Assigned task:
In the records below, find the line with "French beautiful back", then copy each line exactly until you have copied the line with "城市不眠书店远离城市喧嚣,藏". Leave any picture out.

Supplied records:
================

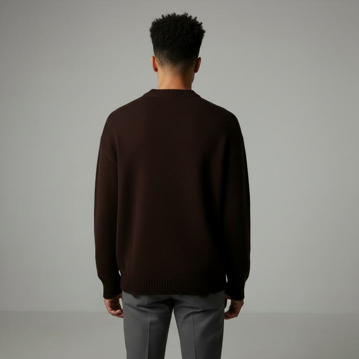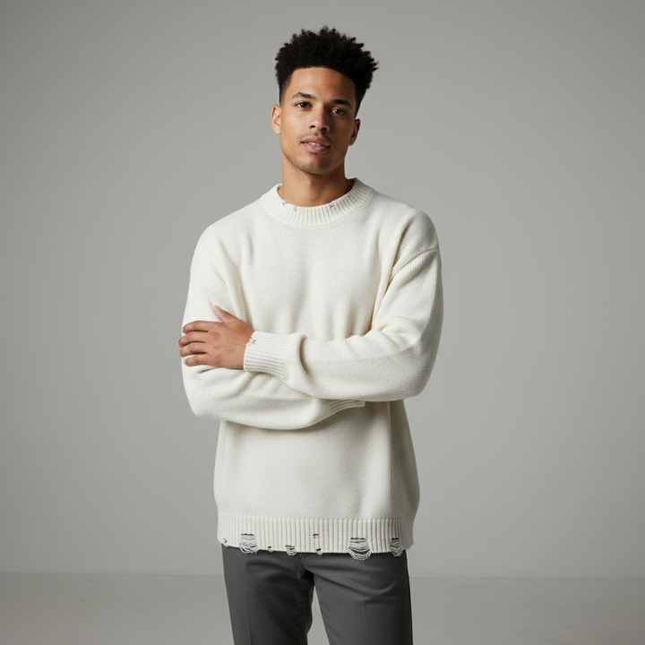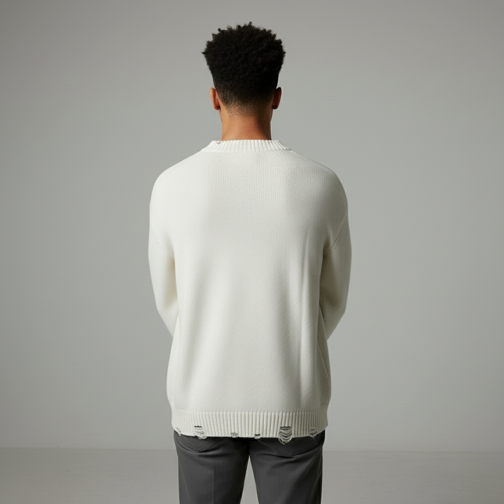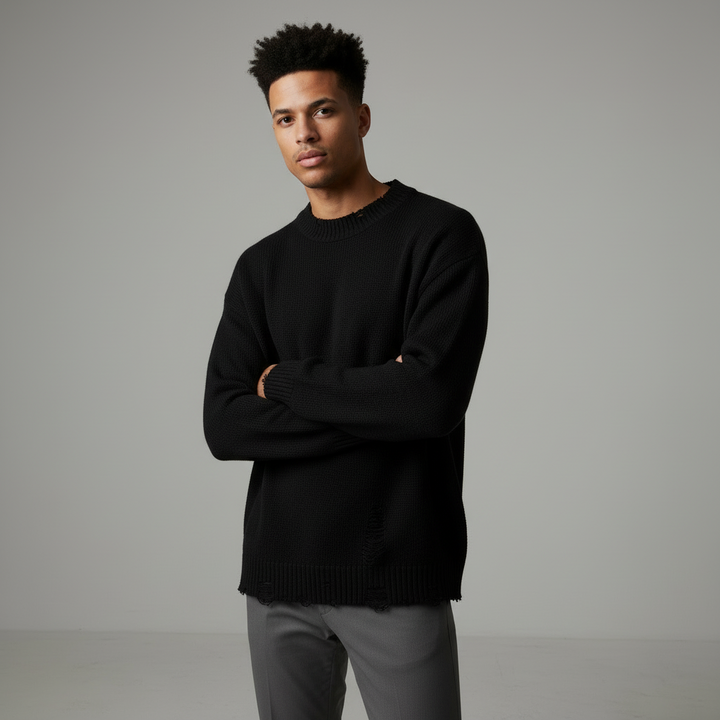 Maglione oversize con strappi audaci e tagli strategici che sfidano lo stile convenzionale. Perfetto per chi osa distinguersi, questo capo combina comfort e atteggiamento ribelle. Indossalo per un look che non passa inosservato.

================

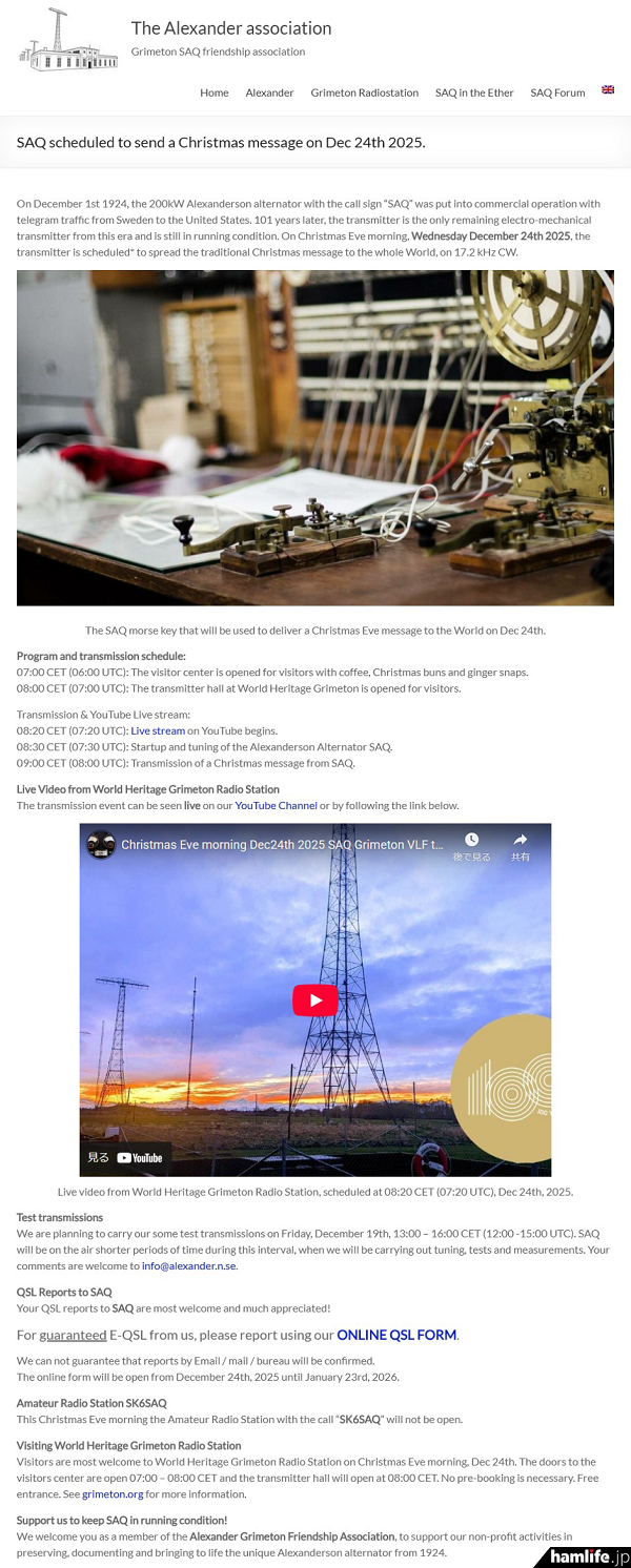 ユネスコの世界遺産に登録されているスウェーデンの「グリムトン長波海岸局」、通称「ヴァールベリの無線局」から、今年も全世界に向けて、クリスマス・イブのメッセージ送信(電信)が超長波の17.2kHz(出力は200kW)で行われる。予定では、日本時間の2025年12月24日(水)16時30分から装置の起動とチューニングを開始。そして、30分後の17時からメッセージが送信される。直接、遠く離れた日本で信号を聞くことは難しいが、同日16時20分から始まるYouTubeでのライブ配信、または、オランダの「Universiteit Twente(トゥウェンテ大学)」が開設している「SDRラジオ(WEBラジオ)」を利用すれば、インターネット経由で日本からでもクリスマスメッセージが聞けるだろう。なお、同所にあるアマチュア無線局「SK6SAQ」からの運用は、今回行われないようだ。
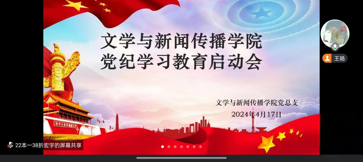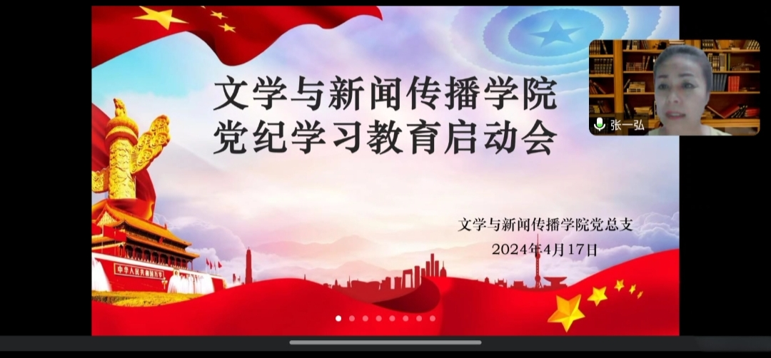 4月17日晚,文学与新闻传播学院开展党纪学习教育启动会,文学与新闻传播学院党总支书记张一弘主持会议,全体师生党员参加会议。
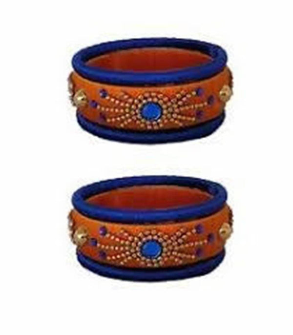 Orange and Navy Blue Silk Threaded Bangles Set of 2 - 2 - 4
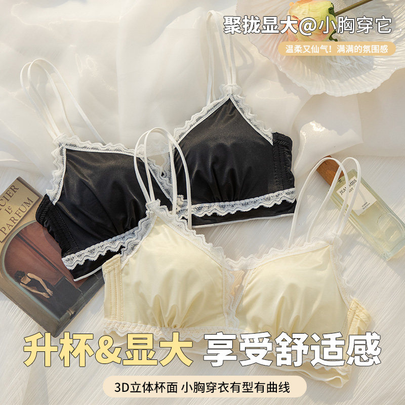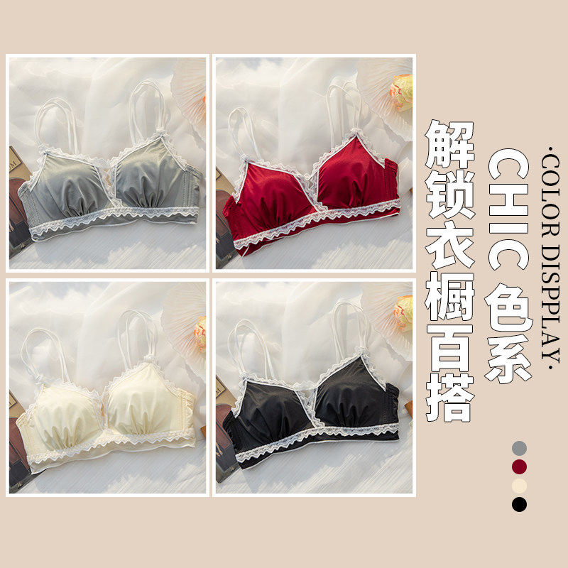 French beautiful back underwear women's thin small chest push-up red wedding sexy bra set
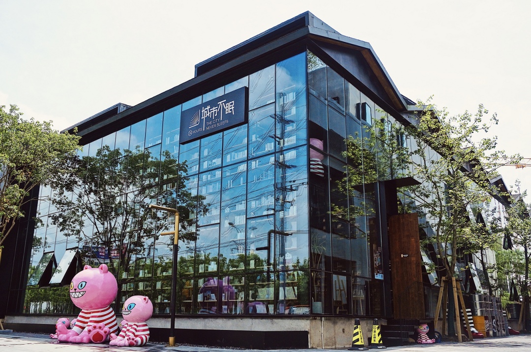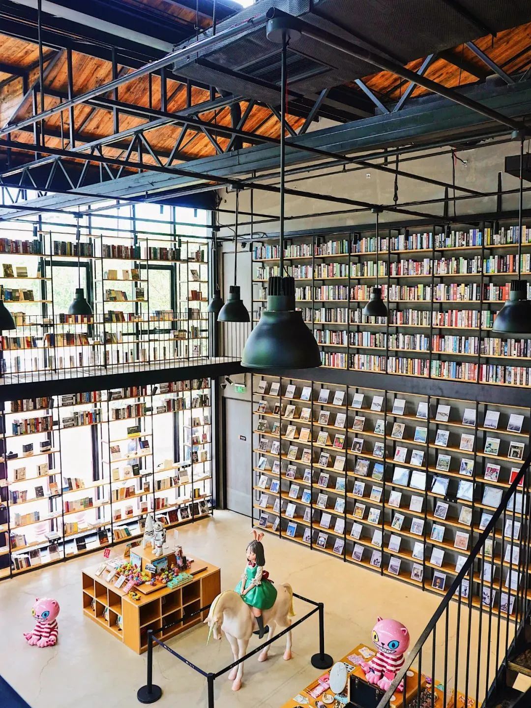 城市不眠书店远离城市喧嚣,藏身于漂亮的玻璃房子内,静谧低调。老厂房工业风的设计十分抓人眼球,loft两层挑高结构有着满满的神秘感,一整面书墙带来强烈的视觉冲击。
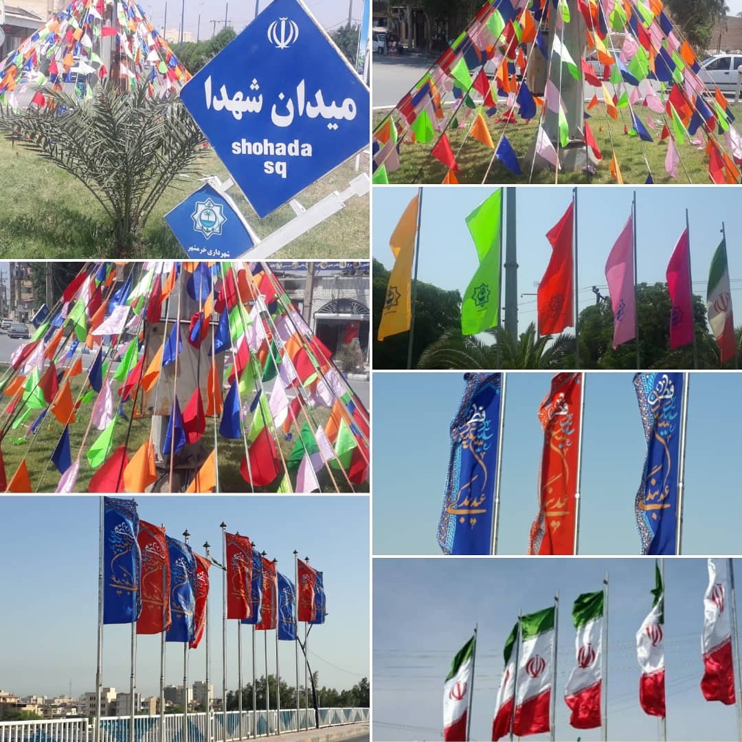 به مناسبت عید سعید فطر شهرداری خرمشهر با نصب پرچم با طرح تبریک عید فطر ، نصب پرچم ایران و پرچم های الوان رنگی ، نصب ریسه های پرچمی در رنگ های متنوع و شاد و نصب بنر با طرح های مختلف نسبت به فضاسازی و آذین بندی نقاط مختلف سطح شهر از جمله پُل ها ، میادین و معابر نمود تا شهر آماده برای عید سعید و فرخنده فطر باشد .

================

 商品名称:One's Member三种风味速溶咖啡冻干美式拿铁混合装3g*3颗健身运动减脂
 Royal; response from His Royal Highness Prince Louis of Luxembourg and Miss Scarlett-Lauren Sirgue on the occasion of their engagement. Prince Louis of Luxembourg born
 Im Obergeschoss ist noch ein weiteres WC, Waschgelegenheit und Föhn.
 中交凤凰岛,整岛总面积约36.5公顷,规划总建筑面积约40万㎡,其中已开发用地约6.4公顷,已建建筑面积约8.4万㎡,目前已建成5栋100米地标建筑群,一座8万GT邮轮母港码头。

================

Reply:
 French beautiful back underwear women's thin small chest push-up red wedding sexy bra set
 城市不眠书店远离城市喧嚣,藏身于漂亮的玻璃房子内,静谧低调。老厂房工业风的设计十分抓人眼球,loft两层挑高结构有着满满的神秘感,一整面书墙带来强烈的视觉冲击。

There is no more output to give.